-- Records for the exercise follows --

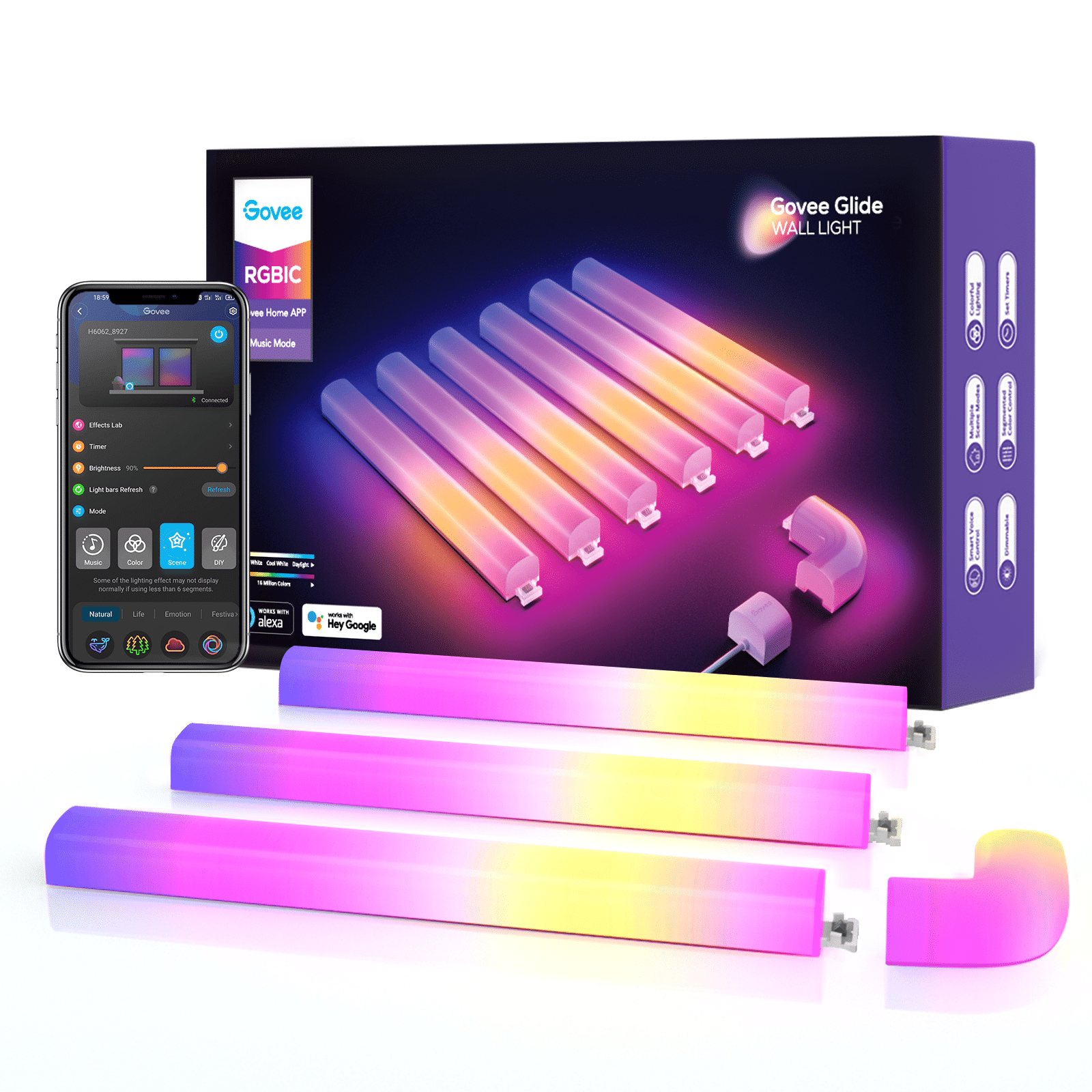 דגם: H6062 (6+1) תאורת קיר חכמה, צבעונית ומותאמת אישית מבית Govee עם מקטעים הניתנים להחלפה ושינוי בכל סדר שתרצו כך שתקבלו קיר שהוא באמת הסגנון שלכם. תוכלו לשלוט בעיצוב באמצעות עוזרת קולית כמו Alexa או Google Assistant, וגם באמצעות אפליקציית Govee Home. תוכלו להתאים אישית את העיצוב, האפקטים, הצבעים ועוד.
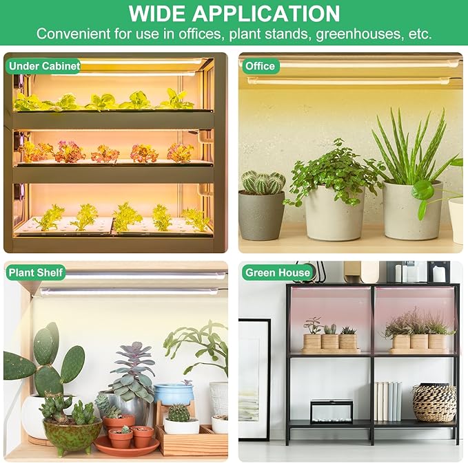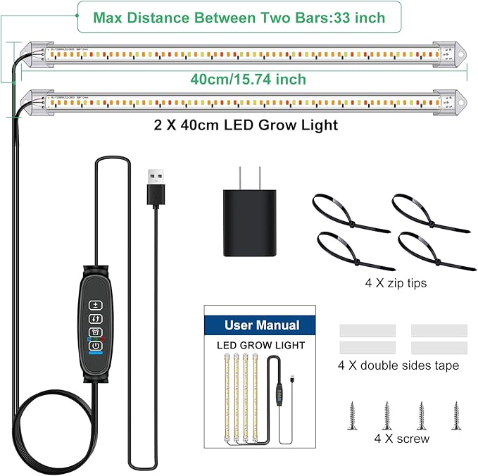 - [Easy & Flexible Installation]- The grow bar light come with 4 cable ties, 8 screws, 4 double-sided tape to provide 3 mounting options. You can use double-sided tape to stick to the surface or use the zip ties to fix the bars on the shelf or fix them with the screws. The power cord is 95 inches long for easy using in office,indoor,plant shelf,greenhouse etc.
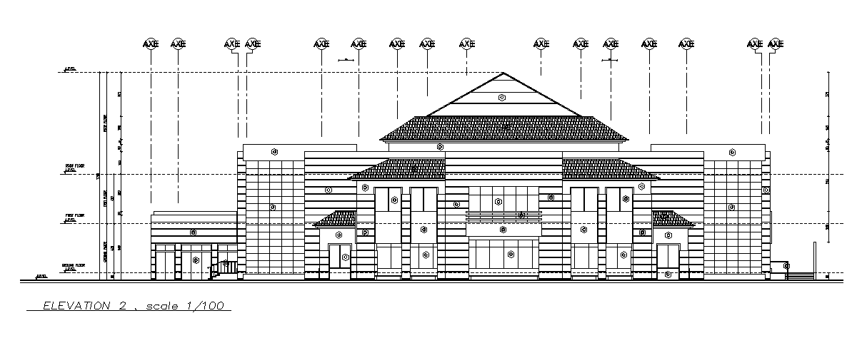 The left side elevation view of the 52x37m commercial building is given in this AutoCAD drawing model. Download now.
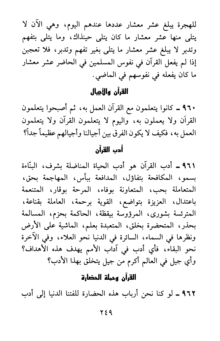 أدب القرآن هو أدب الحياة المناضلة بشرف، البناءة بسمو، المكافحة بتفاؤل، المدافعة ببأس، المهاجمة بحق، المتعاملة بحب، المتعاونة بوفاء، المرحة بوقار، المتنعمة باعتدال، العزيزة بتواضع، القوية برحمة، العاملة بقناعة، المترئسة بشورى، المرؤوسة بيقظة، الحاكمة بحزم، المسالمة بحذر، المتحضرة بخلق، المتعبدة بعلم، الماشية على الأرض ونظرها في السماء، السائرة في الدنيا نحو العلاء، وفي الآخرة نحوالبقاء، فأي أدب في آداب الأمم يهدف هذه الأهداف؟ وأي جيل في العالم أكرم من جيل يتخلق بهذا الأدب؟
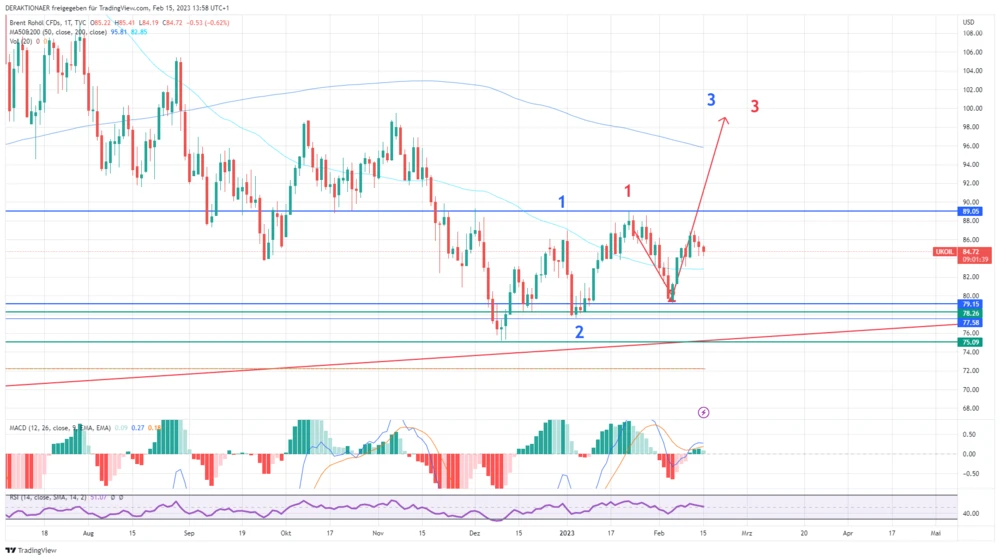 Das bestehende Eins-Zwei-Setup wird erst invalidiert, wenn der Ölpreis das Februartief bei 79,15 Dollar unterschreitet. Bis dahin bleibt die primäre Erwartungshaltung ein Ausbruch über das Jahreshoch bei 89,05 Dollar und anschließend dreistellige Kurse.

-- Records for the exercise concluded --

Directions for this task: All of the listing is to be written out exactly, with the pictures left out.

Problem solution:
 דגם: H6062 (6+1) תאורת קיר חכמה, צבעונית ומותאמת אישית מבית Govee עם מקטעים הניתנים להחלפה ושינוי בכל סדר שתרצו כך שתקבלו קיר שהוא באמת הסגנון שלכם. תוכלו לשלוט בעיצוב באמצעות עוזרת קולית כמו Alexa או Google Assistant, וגם באמצעות אפליקציית Govee Home. תוכלו להתאים אישית את העיצוב, האפקטים, הצבעים ועוד.
 - [Easy & Flexible Installation]- The grow bar light come with 4 cable ties, 8 screws, 4 double-sided tape to provide 3 mounting options. You can use double-sided tape to stick to the surface or use the zip ties to fix the bars on the shelf or fix them with the screws. The power cord is 95 inches long for easy using in office,indoor,plant shelf,greenhouse etc.
 The left side elevation view of the 52x37m commercial building is given in this AutoCAD drawing model. Download now.
 أدب القرآن هو أدب الحياة المناضلة بشرف، البناءة بسمو، المكافحة بتفاؤل، المدافعة ببأس، المهاجمة بحق، المتعاملة بحب، المتعاونة بوفاء، المرحة بوقار، المتنعمة باعتدال، العزيزة بتواضع، القوية برحمة، العاملة بقناعة، المترئسة بشورى، المرؤوسة بيقظة، الحاكمة بحزم، المسالمة بحذر، المتحضرة بخلق، المتعبدة بعلم، الماشية على الأرض ونظرها في السماء، السائرة في الدنيا نحو العلاء، وفي الآخرة نحوالبقاء، فأي أدب في آداب الأمم يهدف هذه الأهداف؟ وأي جيل في العالم أكرم من جيل يتخلق بهذا الأدب؟
 Das bestehende Eins-Zwei-Setup wird erst invalidiert, wenn der Ölpreis das Februartief bei 79,15 Dollar unterschreitet. Bis dahin bleibt die primäre Erwartungshaltung ein Ausbruch über das Jahreshoch bei 89,05 Dollar und anschließend dreistellige Kurse.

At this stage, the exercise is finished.